I’ve seen a number of proposed “Downton Abbey” reading lists for those wanting to know more of the Edwardians and World War I. Mostly they round up the usual suspects in literary fiction, memoir and poetry, which is well and good to a point. Paul Fussell’s The Great War and Modern Memory is one of my favorite books, and yes, you really should read Siegfried Sassoon, Wilfred Owen, Robert Lowell’s Goodbye To All That, Vera Brittain’s elegiac Testament of Youth. Be aware, though, they are more downers than “Downton.”
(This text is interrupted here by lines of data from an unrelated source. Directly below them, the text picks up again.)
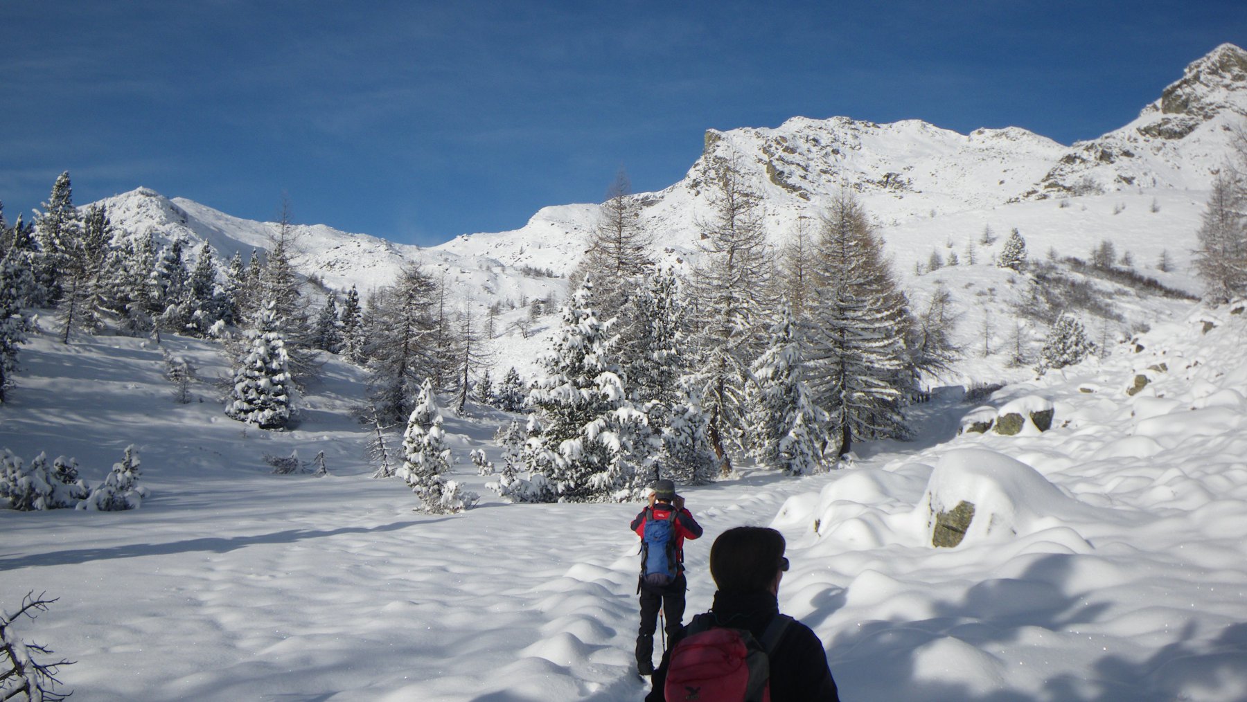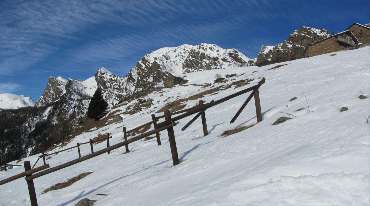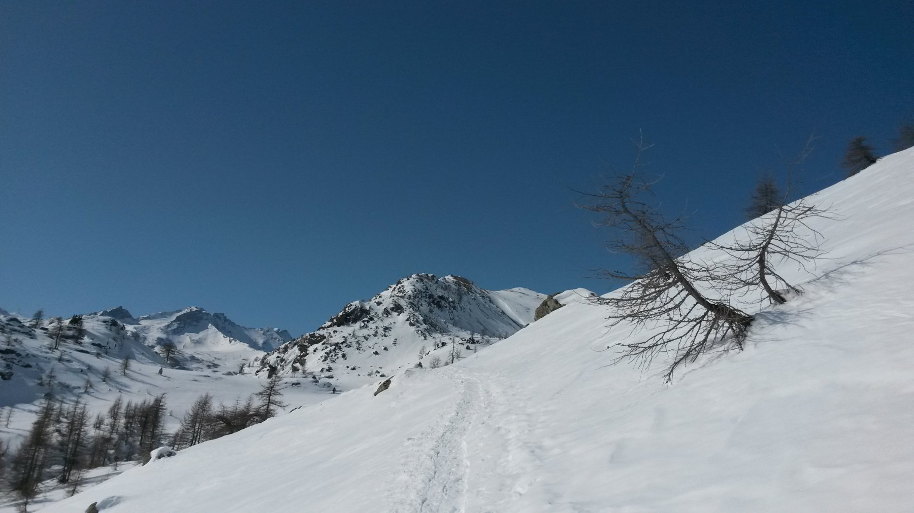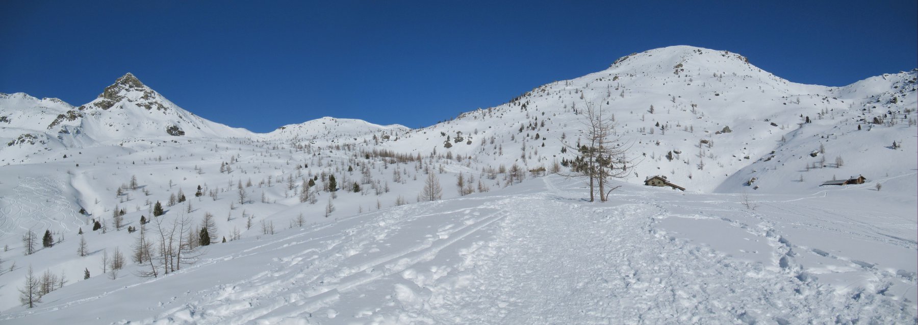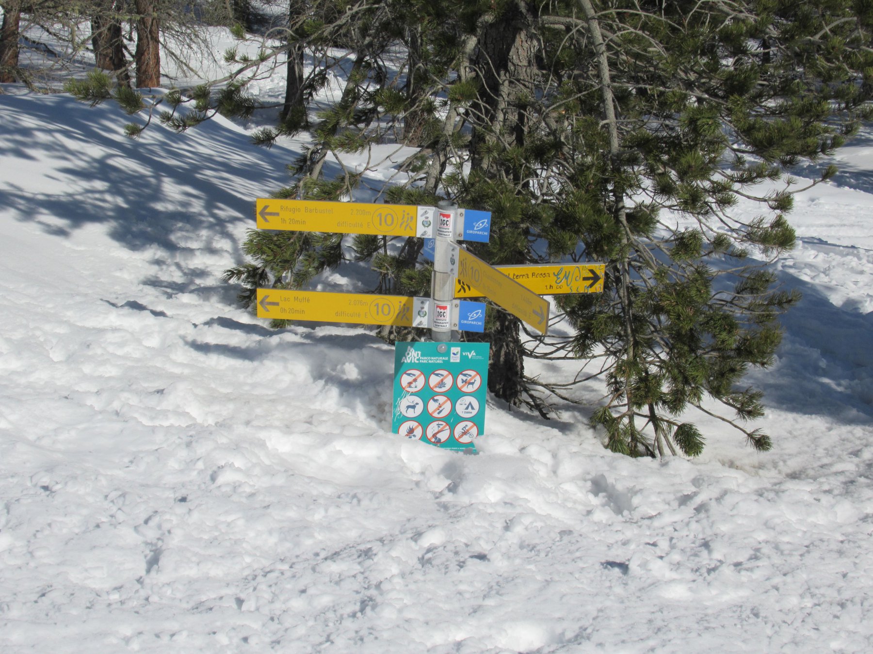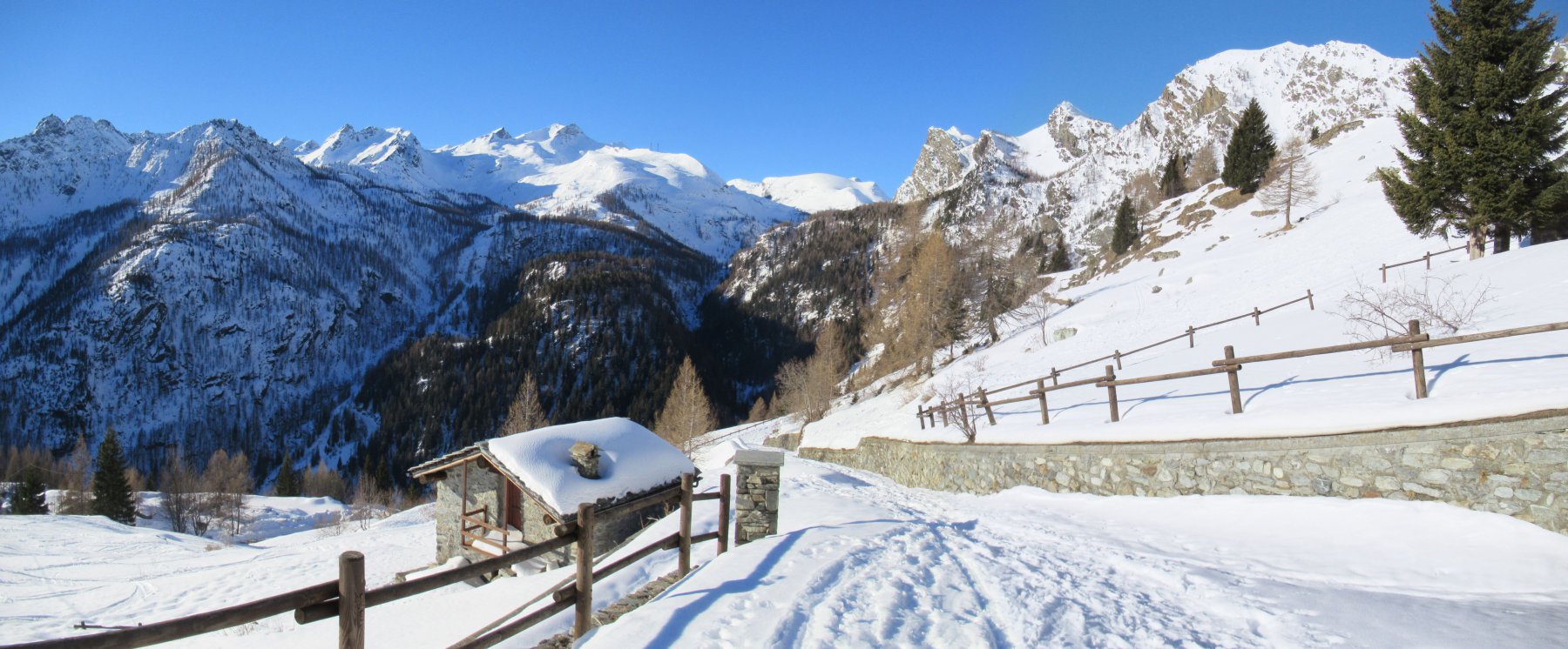 Dal parcheggio, si segue la strada per Dondena per alcune centinaia di metri, superati due tornanti, fino a raggiungere uno spiazzo con a destra una bacheca con cartina e indicazioni varie. Si segue quindi il sentiero che con alcuni scalini sale nella pineta, seguendo indicazioni per il lago Muffè e altre mete. Superato un primo tratto boschivo, si giunge in un ampio ripiano con una baita in posizione panoramica. Si prosegue a monte di essa, riprendendo il sentiero che prosegue nel bosco, fino a raggiungere una radura più aperta, nei pressi di un bivio per il Lago Muffè (sentiero estivo-sentiero invernale) a circa 1950 m. Qui si prosegue a sinistra, iniziando un traverso sul percorso di un sentiero estivo, che passa nei pressi di una costruzione in cemento dell’acquedotto. Si prosegue il traverso fino nei pressi dell’Alpe Vernoille, non lontana dall’omonimo lago. Si può anche passare dal bellissimo Lago Muffè, contornarlo a sinistra, e con semicerchio sempre verso sinistra giungere a Vernoille.
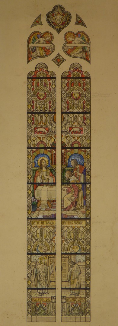 Ontwerp glasraam met Emmaus, en eronder Christus en Ezechiel (Delden, St. Blasiuskerk)
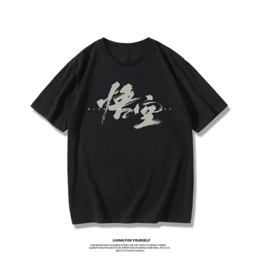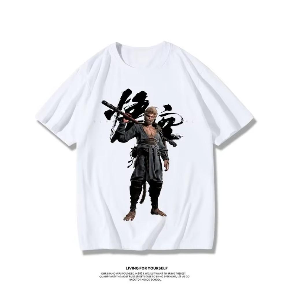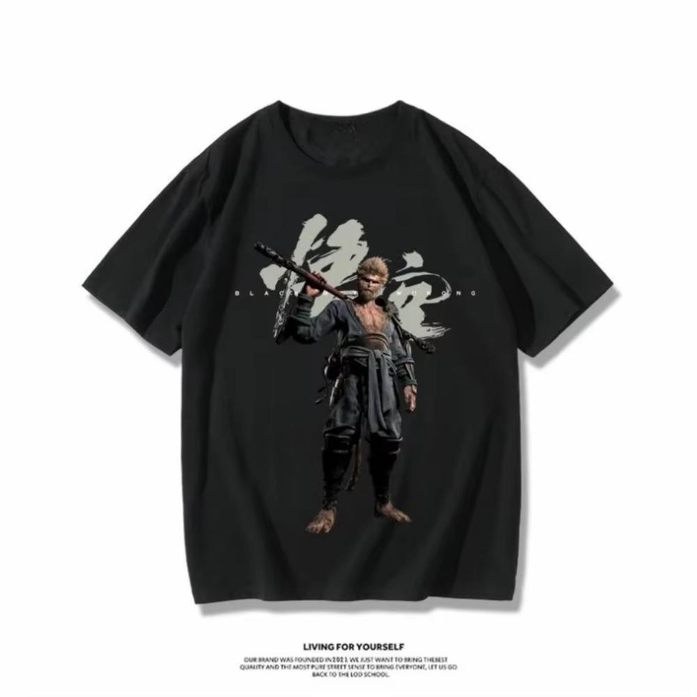 Черная мифическая игра Wukong вокруг футболки с коротким рукавом 2024 года, летняя новая хлопковая свободная американская мужская и женская футболка с коротким рукавом

They are not the books I went in search of to satisfy my craving for sudsy family sagas. I am still getting to know the Crawleys. The Swanns, the Grevilles, the Straffords, the Spragues and the Days are all old friends, and thanks to R.E. Delderfield, Philip Rock, Ursula Zilinksy and Elswyth Thane, I know their family trees better than my own. (They also are handily printed at the novels’ beginnings).

Right now, I’m basking in Zilinsky’s The Long Afternoon, delighting again in the details of life at Altondale Park a century ago: “Draperies and portieres and clutter made unending work, especially when combined with sooty coal fires, but housemaids cost less to keep than a hunting dog, and the rumblings of William Morris, who preached natural wood, light-colored walls, and simplicity, would not reach Yorkshire for some years to come, and when they did, would be ignored.”

After I finish with the changing fortunes of aristocratic Toby, his German cousin Felix, and their friend David, the vicar’s son, I plan to move on to Rock’s The Passing Bells and reacquainting myself with the Grevilles, American cousin Martin and housemaid Ivy Thaxton. Since it’s the first book in a trilogy, I’ll be hard pressed to stop with one book.

And then there are Delderfield’s doorstops in his God is an Englishman trilogy. The Edwardian/ World War I story of Adam Swann’s heirs is the third, Theirs Was the Kingdom. And there are seven volumes in Thane’s Williamsburg series, although The Light Heart, following Phoebe Sprague and Oliver Campion from 1902 to 1917, may well be my favorite.

Unfortunately, many of these books are out-of-print, but you can find copies in libraries and used bookstores. Lucky me has them all, as well as Alison McLeay’s The Summer House, Rumer Godden’s China Court, and Kate Morton’s more recent The House at Riverton.

The many new books I have to read are just going to have to wait. Look for me in an English country house. I hope you’ll stay for tea.